#### [Directions]
Wherever pictures appear in the listing below, leave them out, and copy exactly, and only, everything from the line with "Обідня тарілка D27" down to the line with "diameter including decorative".

#### [Supplied information]

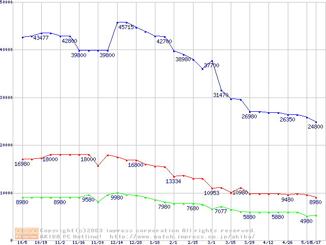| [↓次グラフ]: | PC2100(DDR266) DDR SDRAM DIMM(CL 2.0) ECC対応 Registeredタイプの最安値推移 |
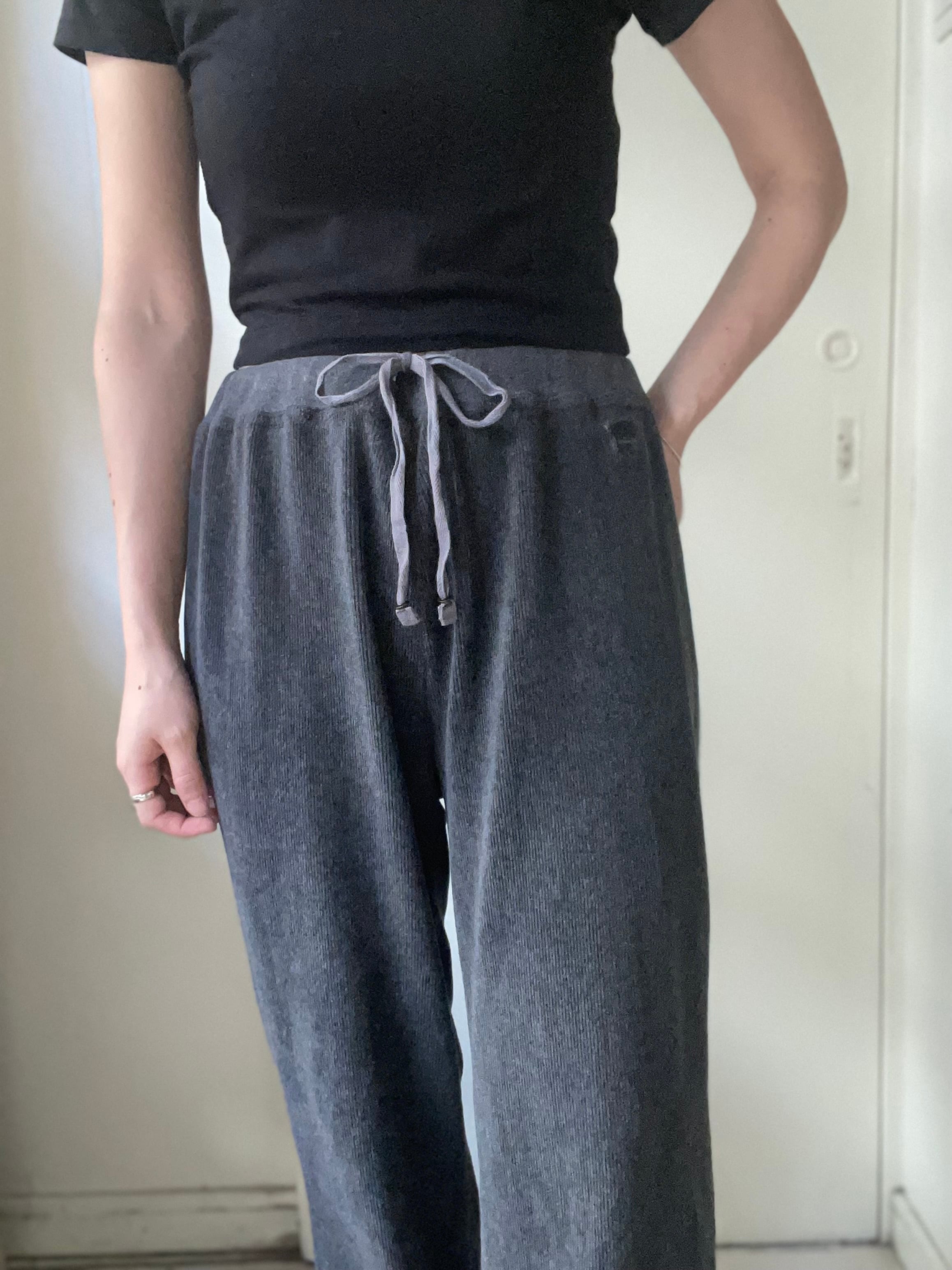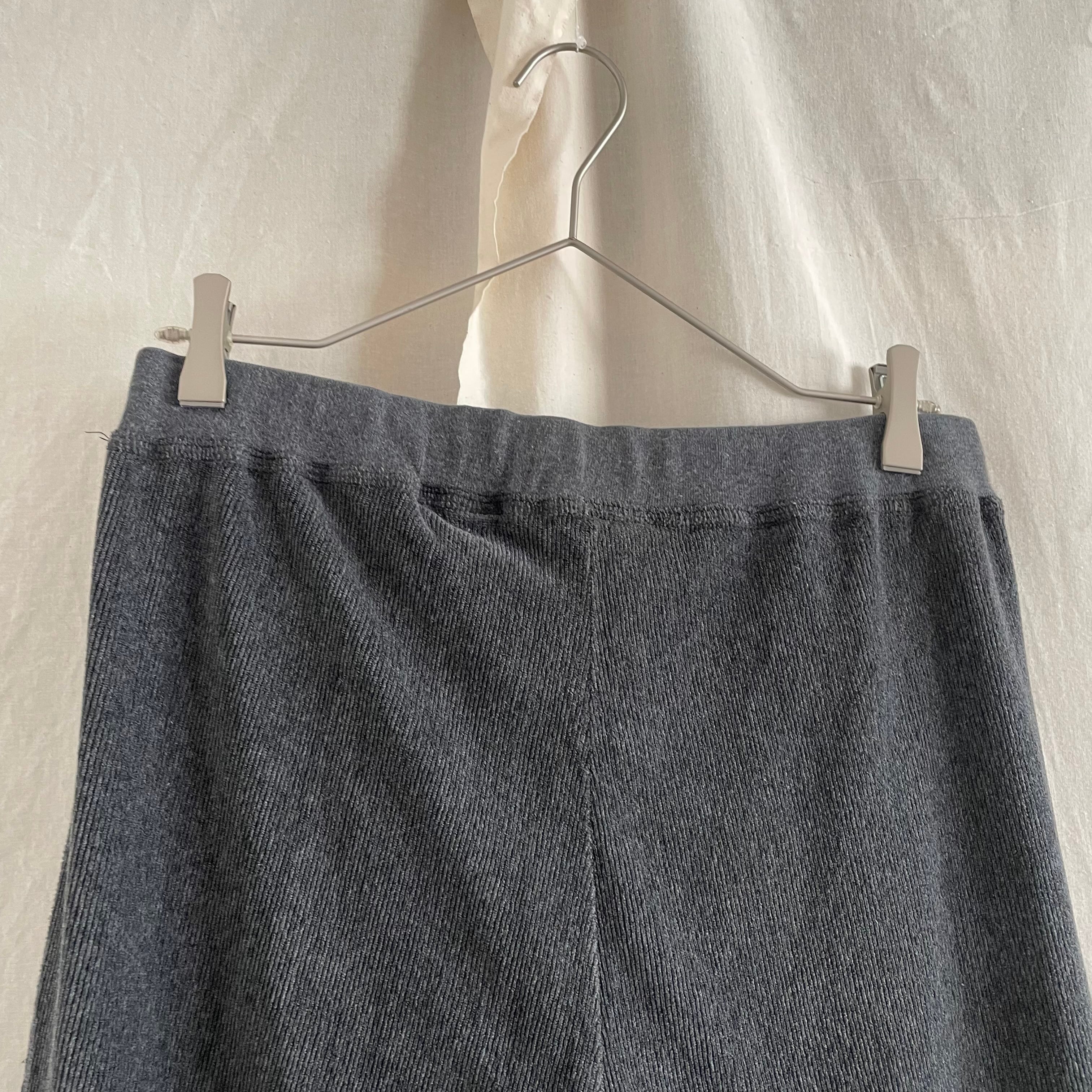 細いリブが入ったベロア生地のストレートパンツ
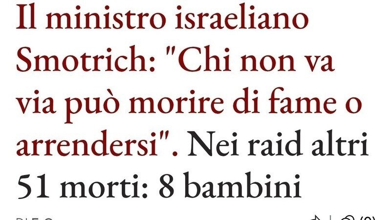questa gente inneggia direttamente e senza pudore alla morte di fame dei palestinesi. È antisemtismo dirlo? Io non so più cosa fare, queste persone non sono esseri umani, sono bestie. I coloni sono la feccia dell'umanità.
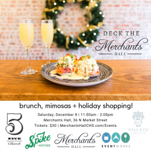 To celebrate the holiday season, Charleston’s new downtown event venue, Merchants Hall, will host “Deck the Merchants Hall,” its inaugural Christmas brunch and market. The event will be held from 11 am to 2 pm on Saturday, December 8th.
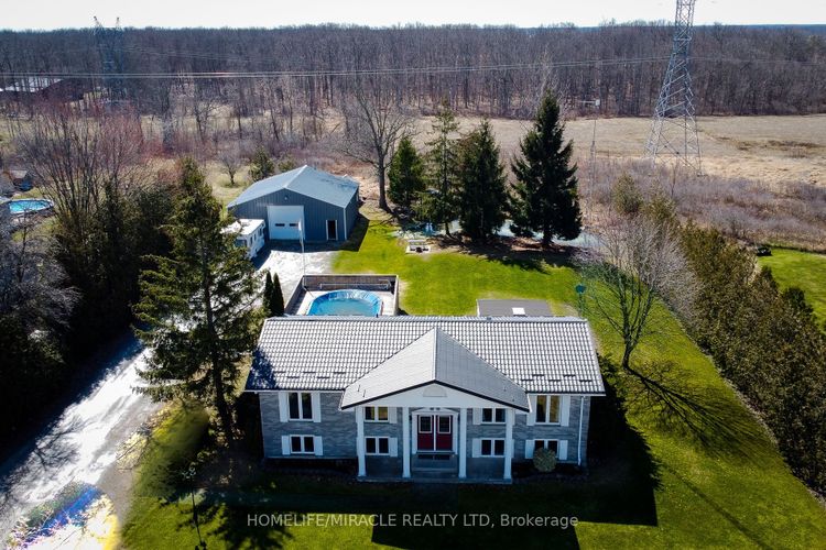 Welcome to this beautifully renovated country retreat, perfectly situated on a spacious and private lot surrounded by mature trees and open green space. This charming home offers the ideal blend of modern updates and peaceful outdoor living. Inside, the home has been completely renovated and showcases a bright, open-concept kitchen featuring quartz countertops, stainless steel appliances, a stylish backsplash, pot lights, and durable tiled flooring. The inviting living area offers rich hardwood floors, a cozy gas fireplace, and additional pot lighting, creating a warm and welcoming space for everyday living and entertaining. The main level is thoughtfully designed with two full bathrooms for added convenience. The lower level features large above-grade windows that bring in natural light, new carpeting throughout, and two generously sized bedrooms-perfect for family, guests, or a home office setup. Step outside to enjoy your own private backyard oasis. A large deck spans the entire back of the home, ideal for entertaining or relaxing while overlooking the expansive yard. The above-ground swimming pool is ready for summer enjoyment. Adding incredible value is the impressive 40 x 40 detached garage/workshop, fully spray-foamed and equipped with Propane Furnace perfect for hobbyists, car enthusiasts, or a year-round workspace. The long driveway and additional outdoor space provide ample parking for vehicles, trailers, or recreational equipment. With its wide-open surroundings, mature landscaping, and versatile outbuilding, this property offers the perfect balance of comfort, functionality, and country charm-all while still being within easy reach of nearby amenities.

---

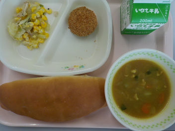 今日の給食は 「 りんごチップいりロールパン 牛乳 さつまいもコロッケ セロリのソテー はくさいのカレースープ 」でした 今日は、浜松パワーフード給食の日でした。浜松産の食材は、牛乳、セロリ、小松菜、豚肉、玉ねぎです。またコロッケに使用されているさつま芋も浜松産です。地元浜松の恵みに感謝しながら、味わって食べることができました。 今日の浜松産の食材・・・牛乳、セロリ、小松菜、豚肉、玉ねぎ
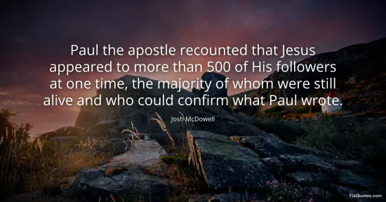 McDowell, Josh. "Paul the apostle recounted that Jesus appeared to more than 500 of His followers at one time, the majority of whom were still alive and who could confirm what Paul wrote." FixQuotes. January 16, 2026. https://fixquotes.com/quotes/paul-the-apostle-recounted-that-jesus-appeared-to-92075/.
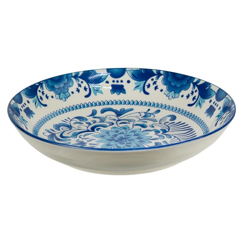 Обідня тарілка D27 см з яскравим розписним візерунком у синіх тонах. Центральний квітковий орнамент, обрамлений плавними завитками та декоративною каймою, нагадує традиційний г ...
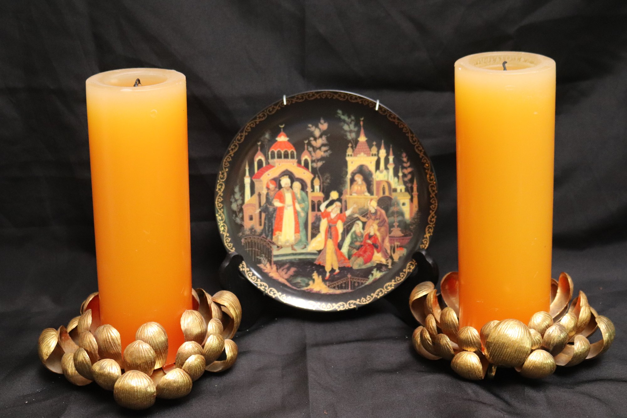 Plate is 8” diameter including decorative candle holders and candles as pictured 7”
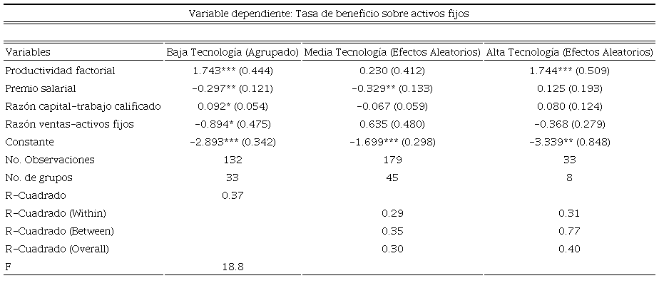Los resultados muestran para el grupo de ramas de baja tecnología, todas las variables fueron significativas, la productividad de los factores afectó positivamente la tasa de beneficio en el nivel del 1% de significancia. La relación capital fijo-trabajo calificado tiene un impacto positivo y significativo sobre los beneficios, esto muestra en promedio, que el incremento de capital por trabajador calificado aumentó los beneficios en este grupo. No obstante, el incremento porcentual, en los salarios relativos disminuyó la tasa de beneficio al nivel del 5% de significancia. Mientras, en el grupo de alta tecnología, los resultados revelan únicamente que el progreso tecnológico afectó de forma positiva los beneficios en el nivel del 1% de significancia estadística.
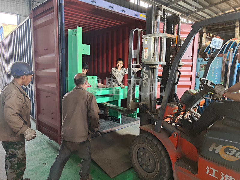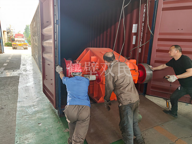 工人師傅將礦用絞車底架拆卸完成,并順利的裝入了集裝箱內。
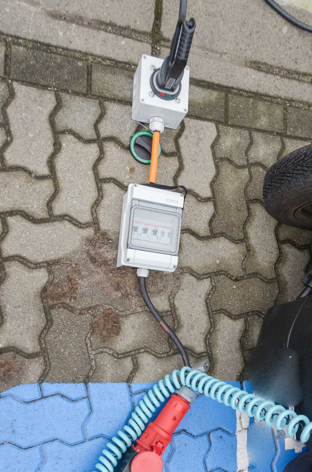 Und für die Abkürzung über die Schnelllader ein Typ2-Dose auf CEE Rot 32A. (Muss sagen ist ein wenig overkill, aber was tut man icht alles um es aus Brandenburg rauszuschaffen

==

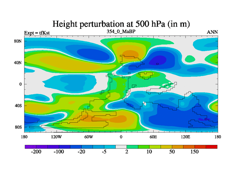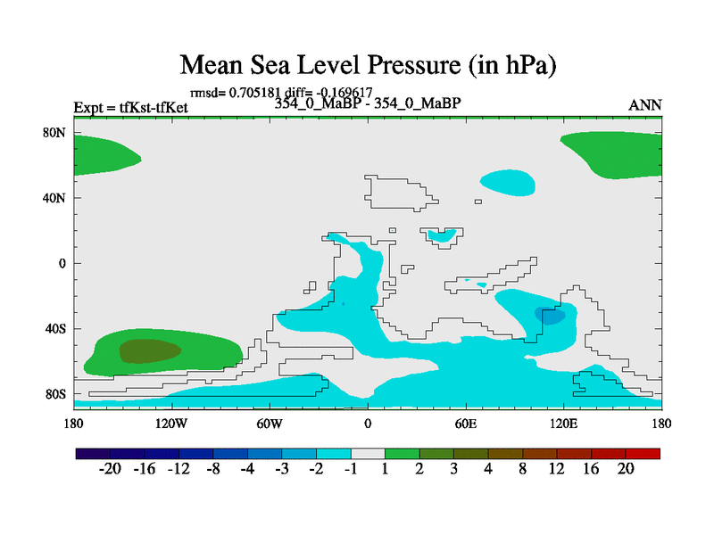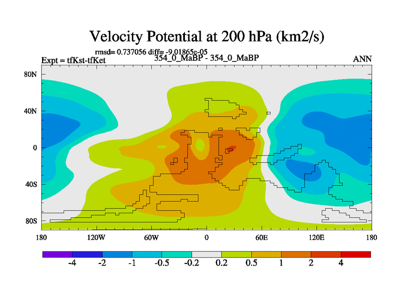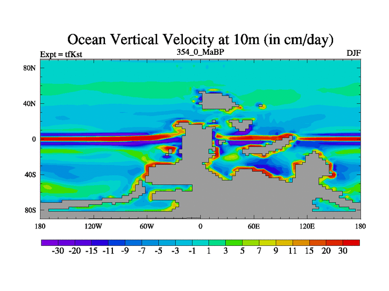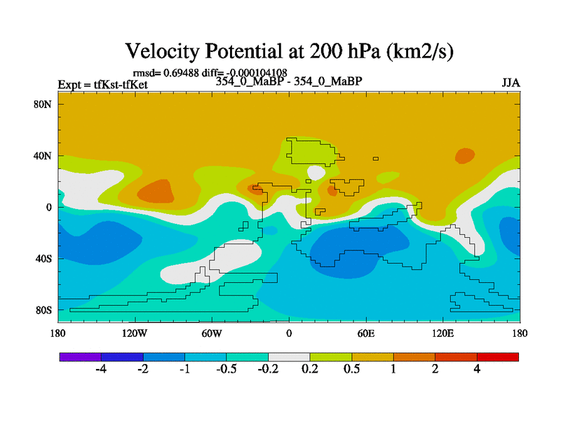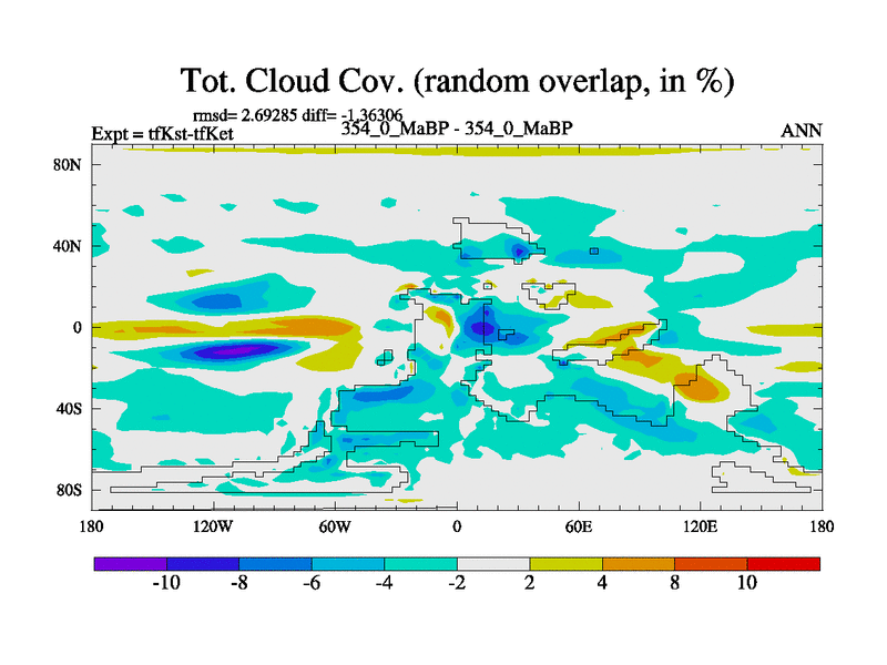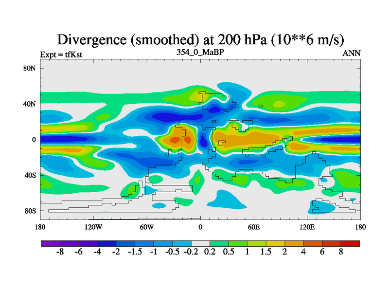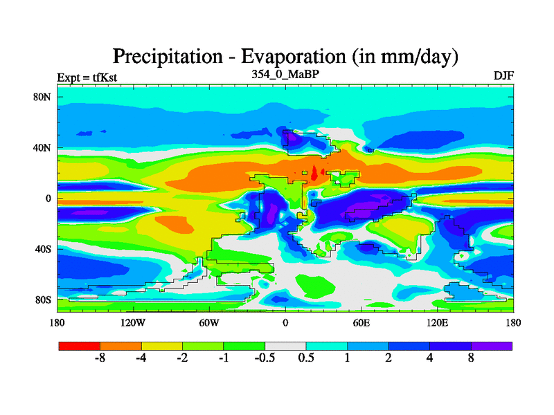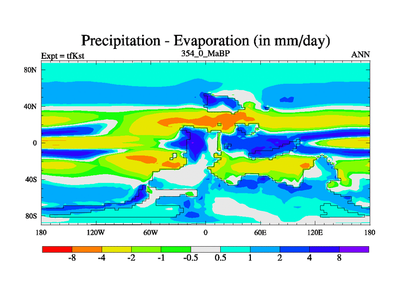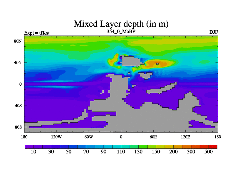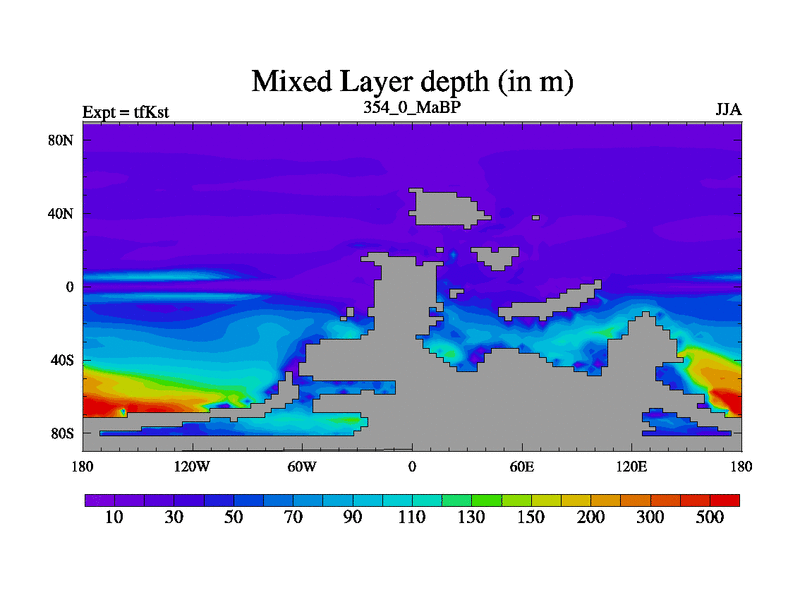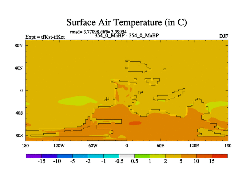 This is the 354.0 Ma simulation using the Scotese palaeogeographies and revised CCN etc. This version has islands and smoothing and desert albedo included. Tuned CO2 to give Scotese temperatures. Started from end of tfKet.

#### [Result of the exercise]
 Обідня тарілка D27 см з яскравим розписним візерунком у синіх тонах. Центральний квітковий орнамент, обрамлений плавними завитками та декоративною каймою, нагадує традиційний г ...
 Plate is 8” diameter including decorative candle holders and candles as pictured 7”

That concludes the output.